For public administration scholars, the prevalence of organizationally simple policies over complex partnerships poses questions regarding how local politicians and elites understand their own institutions and resources, as well as how they understand the interests and needs of audiences such as employers and investors.
For urban planners, the tension between place-specific needs and isomorphic pressures highlights ongoing challenges in developing contextually tailored strategies in an era of shifting inter-urban competition.
For policy scholars, the findings offer a higher degree of empirical precision and comprehensiveness into local policy priorities.
Looking ahead
As cities worldwide grapple with post-pandemic recovery, inequality, and climate challenges alongside shifting patterns of where people live, work, and spend leisure time, understanding how localities approach economic development is highly relevant. This study suggests that despite decades of debate and criticism emphasizing how local officials fall into myopic, short-term giveaways to businesses, practitioners tend to pursue middle-ground approaches aimed to speak to a variety of audiences and needs.
The Amazon HQ2 competition may be over, but the proposals it generated provide lasting insights into the policy commitments of North American localities.
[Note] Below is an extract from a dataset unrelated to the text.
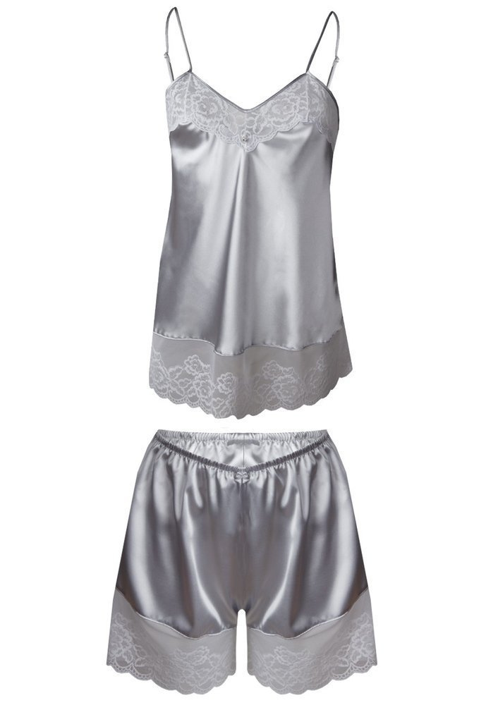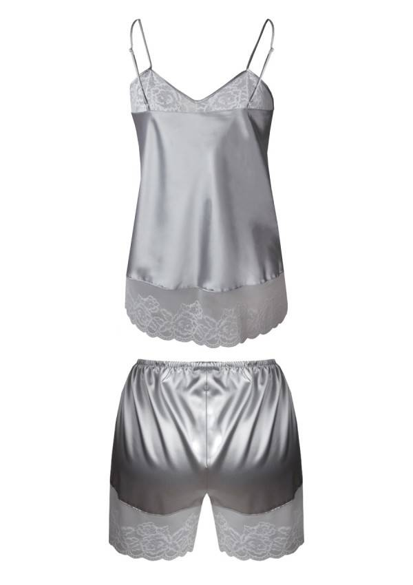 Komplet Isabella to propozycja seksownej piżamy damskiej wykonany jest z przyjemnej w dotyku, jak i noszeniu satyny w szarym kolorze.
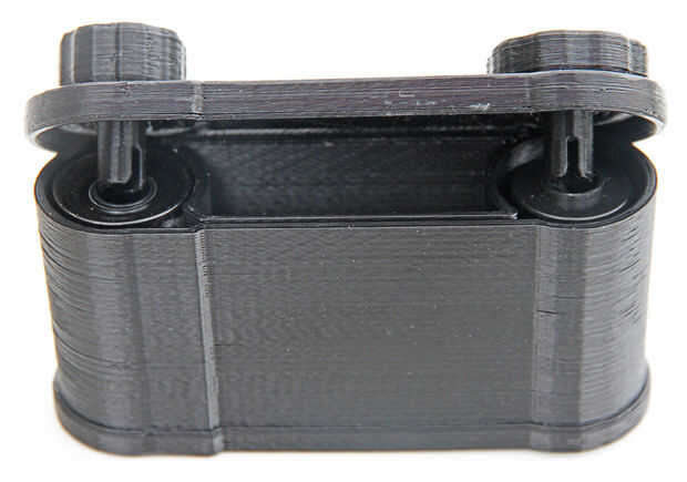 Hay una perilla de devanadera (uno más grande) y un botón de rebobinado (uno más pequeño con una "R"). Cada uno debe estar conectado a un eje enrollador con un tornillo (muy recomendado como necesitemos añadir material de fricción o sustituir una parte) o pegamento. Orientar la cámara con el agujero mirando hacia fuera como si vas a tomar una foto. Coloque la tapa a la cámara. El botón de retroceso va a la izquierda y el mando de devanadera va a la derecha (ver foto). Inserte los ejes de la devanadera a través de la parte inferior de la placa superior, ajuste las perillas en la parte superior y atornille los dos tornillos M3 hasta que acaba de convertirse en lo suficientemente apretadas como para sostener las perillas en sin bamboleo (Recuerde que estas son de plástico y es fácil de pelar los hilos).

By thoroughly examining the data these proposals contain, this research opens new avenues for understanding how cities navigate the perpetual challenge of fostering economic prosperity while serving diverse community needs.
Seth Pipkin is an associate professor in the Department of Urban Planning and Public Policy at the University of California, Irvine. His research focuses on the political economy of regional economic development, industrial upgrading, and growth coalitions in Latin America and the United States.